__Material provided__
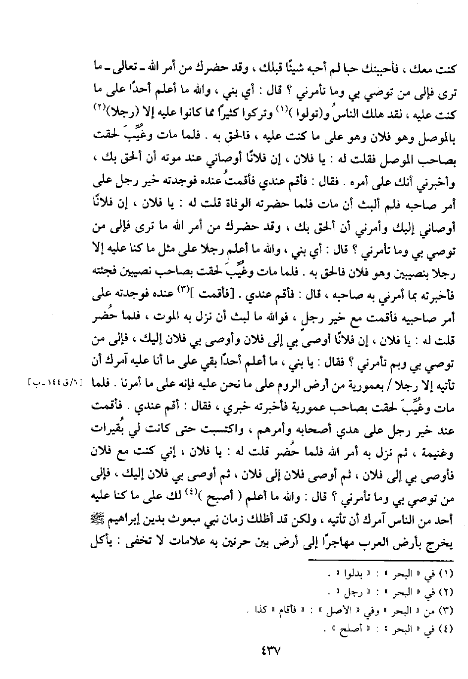 كنت مَعَك، فأحببتك حبا لم أحبه شَيْئا قبلك، وَقد حضرك من أَمر الله - تَعَالَى - مَا ترى فَإلَى من توصي بِي وَمَا تَأْمُرنِي؟ قَالَ: أَي بني، وَالله مَا أعلم أحدا على مَا كنت عَلَيْهِ، لقد هلك النَّاس و (توَلّوا) وَتركُوا كثيرا مِمَّا كَانُوا عَلَيْهِ إِلَّا (رجلا) بالموصل وَهُوَ فلَان وَهُوَ على مَا كنت عَلَيْهِ، فَالْحق بِهِ. فَلَمَّا مَاتَ وغيب لحقت بِصَاحِب الْموصل فَقلت لَهُ: يَا فلَان، إِن فلَانا أَوْصَانِي عِنْد مَوته أَن ألحق بك، وَأَخْبرنِي أَنَّك على أمره. فَقَالَ: فأقم عِنْدِي فأقمت عِنْده فَوَجَدته خير رجل على أَمر صَاحبه فَلم ألبث أَن مَاتَ فَلَمَّا حَضرته الْوَفَاة قلت لَهُ: يَا فلَان، إِن فلَانا أَوْصَانِي إِلَيْك وَأَمرَنِي أَن ألحق بك، وَقد حضرك من أَمر الله مَا ترى فَإلَى من توصي بِي وَمَا تَأْمُرنِي؟ قَالَ: أَي بني، وَالله مَا أعلم رجلا على مثل مَا كُنَّا عَلَيْهِ إِلَّا رجلا بنصيبين وَهُوَ فلَان فَالْحق بِهِ. فَلَمَّا مَاتَ وغيب لحقت بِصَاحِب نَصِيبين فَجِئْته فَأَخْبَرته بِمَا أَمرنِي بِهِ صَاحبه، قَالَ: فأقم عِنْدِي. [فأقمت] عِنْده فَوَجَدته على أَمر صَاحِبيهِ فأقمت مَعَ خير رجل، فوَاللَّه مَا لبث أَن نزل بِهِ الْمَوْت، فَلَمَّا حضر قلت لَهُ: يَا فلَان، إِن فلَانا أوصى بِي إِلَى فلَان وَأوصى بِي فلَان إِلَيْك، فَإلَى من توصي بِي وَبِمَ تَأْمُرنِي؟ فَقَالَ: يَا بني، مَا أعلم أحدا بَقِي على مَا أَنا عَلَيْهِ آمُرك أَن تَأتيه إِلَّا رجلا / بعمورية من أَرض الرّوم على مَا نَحن عَلَيْهِ فَإِنَّهُ على مَا أمرنَا. فَلَمَّا مَاتَ وغيب لحقت بِصَاحِب عمورية فَأَخْبَرته خبري، فَقَالَ: أقِم عِنْدِي. فأقمت عِنْد خير رجل على هدي أَصْحَابه وَأمرهمْ، واكتسبت حَتَّى كَانَت لي بقيرات وغنيمة، ثمَّ نزل بِهِ أَمر الله فَلَمَّا حضر قلت لَهُ: يَا فلَان، إِنِّي كنت مَعَ فلَان فأوصى بِي إِلَّا فلَان، ثمَّ أوصى بِي إِلَى فلَان، ثمَّ أوصى بِي فلَان إِلَيْك، فَإلَى من توصي بِي وَمَا تَأْمُرنِي؟ قَالَ: وَالله مَا أعلم (أصبح) لَك على مَا كُنَّا عَلَيْهِ أحد من النَّاس آمُرك أَن تَأتيه، وَلَكِن قد أظلك زمَان نَبِي مَبْعُوث بدين إِبْرَاهِيم - صَلَّى اللَّهُ عَلَيْهِ وَسَلَّم َ - يخرج بِأَرْض الْعَرَب مُهَاجرا إِلَى أَرض بَين حرتين بِهِ عَلَامَات لَا تخفى: يَأْكُل
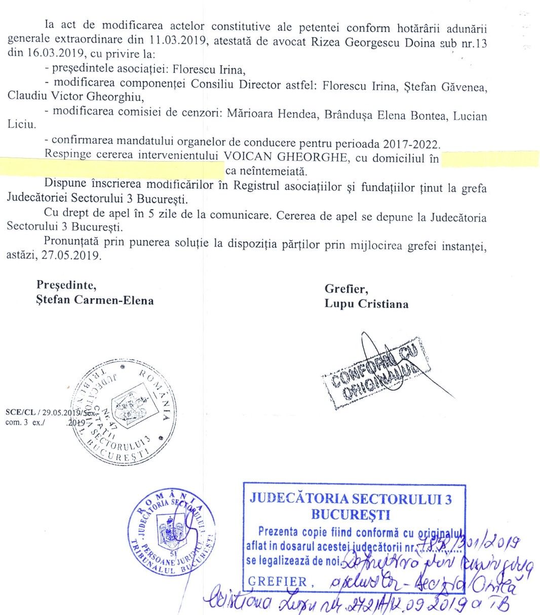 Decizia civilă nr. 816A din 8 martie 2023 în dosarul cu nr. 8172/301/202002 (vezi Hotărâre)  a fost postată de Irina Florescu la inf. AGA 2022 (pt a nu fi văzută) și nu la Anunțuri cum era normal. În aceste condiții este important să cunoașteți Adevărul cu următoarele aspecte:
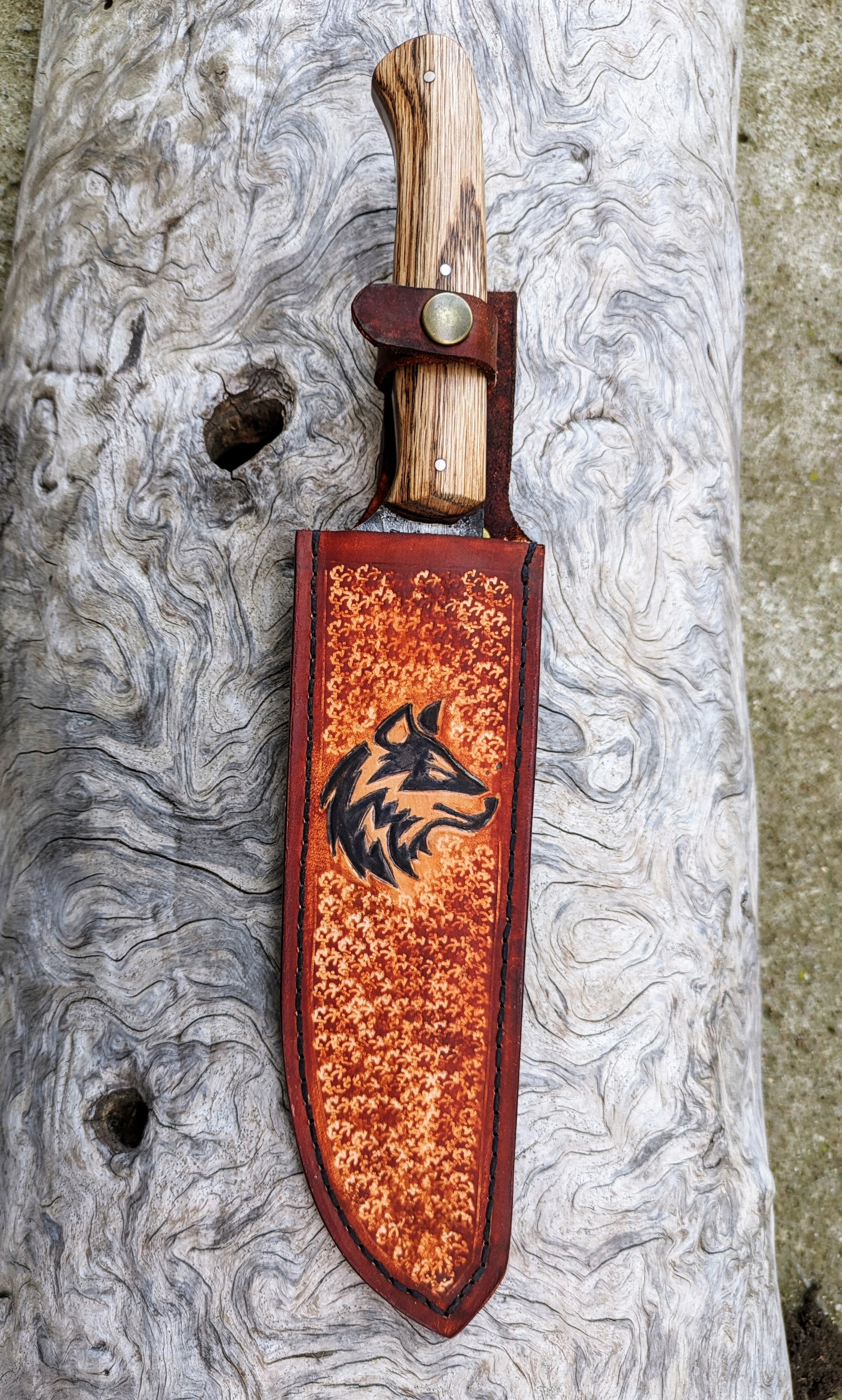 Ce couteau de camp est conçu pour les aventuriers et amateurs de plein air à la recherche d’un outil fiable et esthétique. Sa lame en acier carbone de haute qualité garantit une performance exceptionnelle, tandis que son manche en bois de merisier offre une prise en main naturelle et ergonomique. L’étui en cuir, orné d’un repoussage artisanal, complète l’ensemble avec élégance.

__Requirement__
The whole listing must be transcribed exactly. No pictures belong in the copy.

__Answer for this exercise__
 كنت مَعَك، فأحببتك حبا لم أحبه شَيْئا قبلك، وَقد حضرك من أَمر الله - تَعَالَى - مَا ترى فَإلَى من توصي بِي وَمَا تَأْمُرنِي؟ قَالَ: أَي بني، وَالله مَا أعلم أحدا على مَا كنت عَلَيْهِ، لقد هلك النَّاس و (توَلّوا) وَتركُوا كثيرا مِمَّا كَانُوا عَلَيْهِ إِلَّا (رجلا) بالموصل وَهُوَ فلَان وَهُوَ على مَا كنت عَلَيْهِ، فَالْحق بِهِ. فَلَمَّا مَاتَ وغيب لحقت بِصَاحِب الْموصل فَقلت لَهُ: يَا فلَان، إِن فلَانا أَوْصَانِي عِنْد مَوته أَن ألحق بك، وَأَخْبرنِي أَنَّك على أمره. فَقَالَ: فأقم عِنْدِي فأقمت عِنْده فَوَجَدته خير رجل على أَمر صَاحبه فَلم ألبث أَن مَاتَ فَلَمَّا حَضرته الْوَفَاة قلت لَهُ: يَا فلَان، إِن فلَانا أَوْصَانِي إِلَيْك وَأَمرَنِي أَن ألحق بك، وَقد حضرك من أَمر الله مَا ترى فَإلَى من توصي بِي وَمَا تَأْمُرنِي؟ قَالَ: أَي بني، وَالله مَا أعلم رجلا على مثل مَا كُنَّا عَلَيْهِ إِلَّا رجلا بنصيبين وَهُوَ فلَان فَالْحق بِهِ. فَلَمَّا مَاتَ وغيب لحقت بِصَاحِب نَصِيبين فَجِئْته فَأَخْبَرته بِمَا أَمرنِي بِهِ صَاحبه، قَالَ: فأقم عِنْدِي. [فأقمت] عِنْده فَوَجَدته على أَمر صَاحِبيهِ فأقمت مَعَ خير رجل، فوَاللَّه مَا لبث أَن نزل بِهِ الْمَوْت، فَلَمَّا حضر قلت لَهُ: يَا فلَان، إِن فلَانا أوصى بِي إِلَى فلَان وَأوصى بِي فلَان إِلَيْك، فَإلَى من توصي بِي وَبِمَ تَأْمُرنِي؟ فَقَالَ: يَا بني، مَا أعلم أحدا بَقِي على مَا أَنا عَلَيْهِ آمُرك أَن تَأتيه إِلَّا رجلا / بعمورية من أَرض الرّوم على مَا نَحن عَلَيْهِ فَإِنَّهُ على مَا أمرنَا. فَلَمَّا مَاتَ وغيب لحقت بِصَاحِب عمورية فَأَخْبَرته خبري، فَقَالَ: أقِم عِنْدِي. فأقمت عِنْد خير رجل على هدي أَصْحَابه وَأمرهمْ، واكتسبت حَتَّى كَانَت لي بقيرات وغنيمة، ثمَّ نزل بِهِ أَمر الله فَلَمَّا حضر قلت لَهُ: يَا فلَان، إِنِّي كنت مَعَ فلَان فأوصى بِي إِلَّا فلَان، ثمَّ أوصى بِي إِلَى فلَان، ثمَّ أوصى بِي فلَان إِلَيْك، فَإلَى من توصي بِي وَمَا تَأْمُرنِي؟ قَالَ: وَالله مَا أعلم (أصبح) لَك على مَا كُنَّا عَلَيْهِ أحد من النَّاس آمُرك أَن تَأتيه، وَلَكِن قد أظلك زمَان نَبِي مَبْعُوث بدين إِبْرَاهِيم - صَلَّى اللَّهُ عَلَيْهِ وَسَلَّم َ - يخرج بِأَرْض الْعَرَب مُهَاجرا إِلَى أَرض بَين حرتين بِهِ عَلَامَات لَا تخفى: يَأْكُل
 Decizia civilă nr. 816A din 8 martie 2023 în dosarul cu nr. 8172/301/202002 (vezi Hotărâre)  a fost postată de Irina Florescu la inf. AGA 2022 (pt a nu fi văzută) și nu la Anunțuri cum era normal. În aceste condiții este important să cunoașteți Adevărul cu următoarele aspecte:
 Ce couteau de camp est conçu pour les aventuriers et amateurs de plein air à la recherche d’un outil fiable et esthétique. Sa lame en acier carbone de haute qualité garantit une performance exceptionnelle, tandis que son manche en bois de merisier offre une prise en main naturelle et ergonomique. L’étui en cuir, orné d’un repoussage artisanal, complète l’ensemble avec élégance.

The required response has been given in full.